Yeah, it's like a clone of the [U.S. Navy's] Blue Angels or [the Air Force's] Thunderbirds. Myself and one other guy are the only civilians on the team. And we fly tighter than the Blues or the Thunderbirds and do all the same maneuvers. I'm having the time of my life.

How has your typical workday changed since the early years of the company?

I still micromanage. There's nothing that goes on in this organization that could cripple me that I'm not aware of. I keep [an eye] on my two biggest assets–our 3,000 independent sales reps, who can be with us or not in a heartbeat, and our merchant customers.

But a lot of what I'm doing now is strategic planning. In the old days, it could be myself and our CTO typing a security-encryptions manual. Now we're just overseeing it. I'm not working 90 hours a week anymore; I'm probably working 50.

Do you attribute your success mostly to having the right idea at the right time or do you think that if this industry weren't there for you, you would have made it in some other field?

Oh, I think it would be tremendous arrogance for someone who created a startup to think they could do it all over again somewhere else. I was in an industry where I knew a good way to get from point A to point B. But it'd be crazy to think you could just stumble on something else and make that happen.

In building the business, what was your biggest mistake?

In 2005, because we didn't want to raise debt to fund our first free credit-card terminal program, we sold off a portfolio of about 15,000 merchants. We got $44 million in cash, we were debt-free, I was 22 and life was good. But in retrospect, we never should have done it.

What do you see for your future?

If I ever got out of the credit-card industry, all I'd be doing is flying. But my business is my life and I love it, so I don't think I'm going to be giving it up anytime soon.

What is it that you love? The winning?

It's definitely not that. I think there's just tremendous satisfaction in taking anything from a concept to a reality. I mean, there were five of us in this office at 2 a.m. doing the late-night Chinese food thing, talking about our free point-of-sale program, drawing it out on a whiteboard, and saying how we were going to execute it.

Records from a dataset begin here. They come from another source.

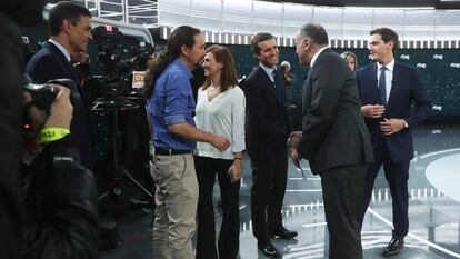 No terminaba de encajar la escenografía futurista del plató de TVE con la indumentaria y discurso trasnochado de los pasajeros del Enterprise. Rivera abjuraba del viejo bipartidismo. Sánchez desenterraba la corrupción. Casado hablaba de ETA. E Iglesias, atribuyéndose a su antojo la representación de la gente, estuvo a punto de leernos entera la Constitución del 78.
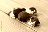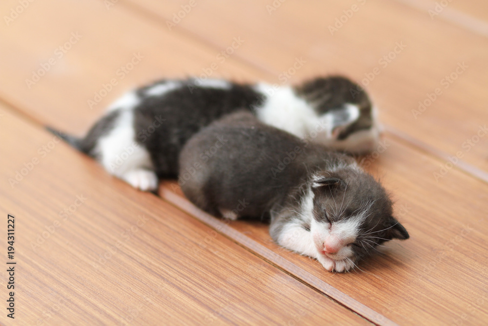 Kittens sleeping on brown wooden floor
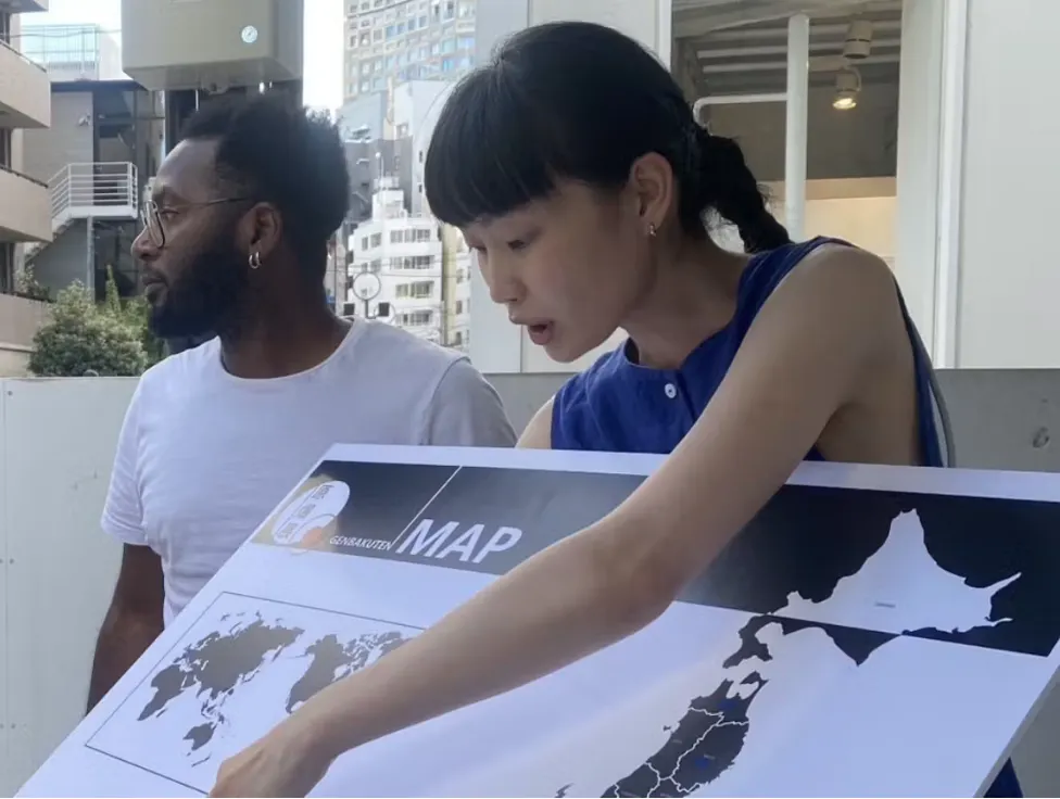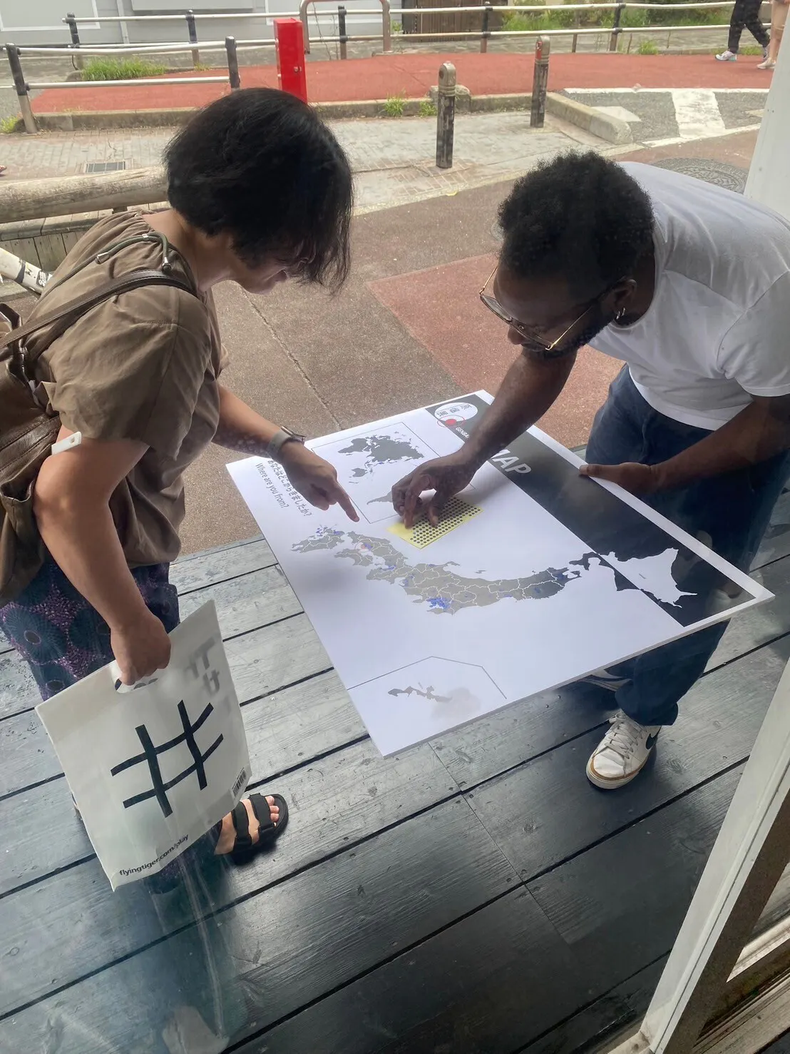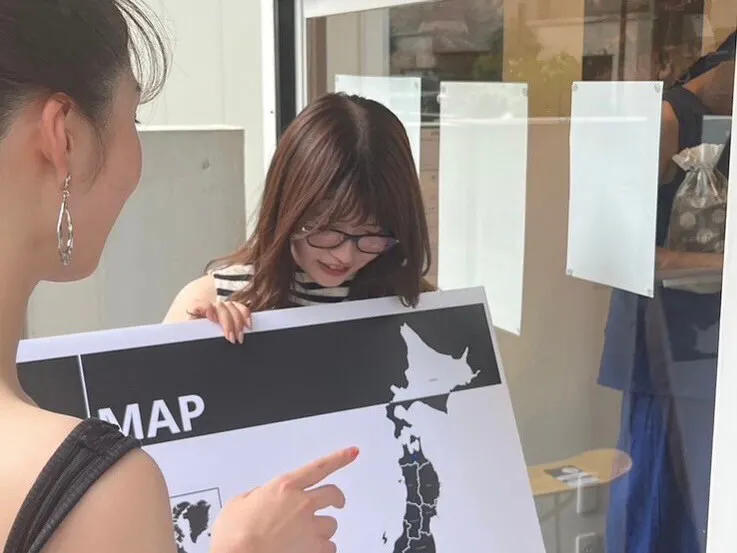 大きな日本と、小さな世界地図が書かれたA1用紙をギャラリーに置き、来場者の出身地や育った場所にシールを貼っていただきます。

To see that go from a concept to a reality and then see it redefining our industry—that is such a rewarding process.

 


CEO Files Resume

NAME: Jared Isaacman

BIRTHDATE: Feb. 11, 1983

POSITION: Founder and CEO, United Bank Card, Inc.

PREVIOUS POSITION: Part-time job during high school at Merchant Services Inc., a credit-card processing firm.

EDUCATION: Dropped out of high school at 15, and earned an equivalency diploma the next year.

TRANSPORTATION: Owns Cessna Citation III and Beechcraft Baron. Leases Beechcraft Premier.

FAMILY: Lives in Washington, New Jersey, with wife Monica, whom he met in junior high and married two weeks after his BJT interview. She was UBC's 12th employee and still works at the company in risk management.

HOBBIES: Flying, especially aerobatics. Owns and is restoring more than a dozen ex-military aircraft, among them four Aero Vodochody L-39s, a MiG-17, a Canadair (Lockheed) T-33, three Douglas A-4 Skyhawks from Vietnam, and a Saab J-35 Draken.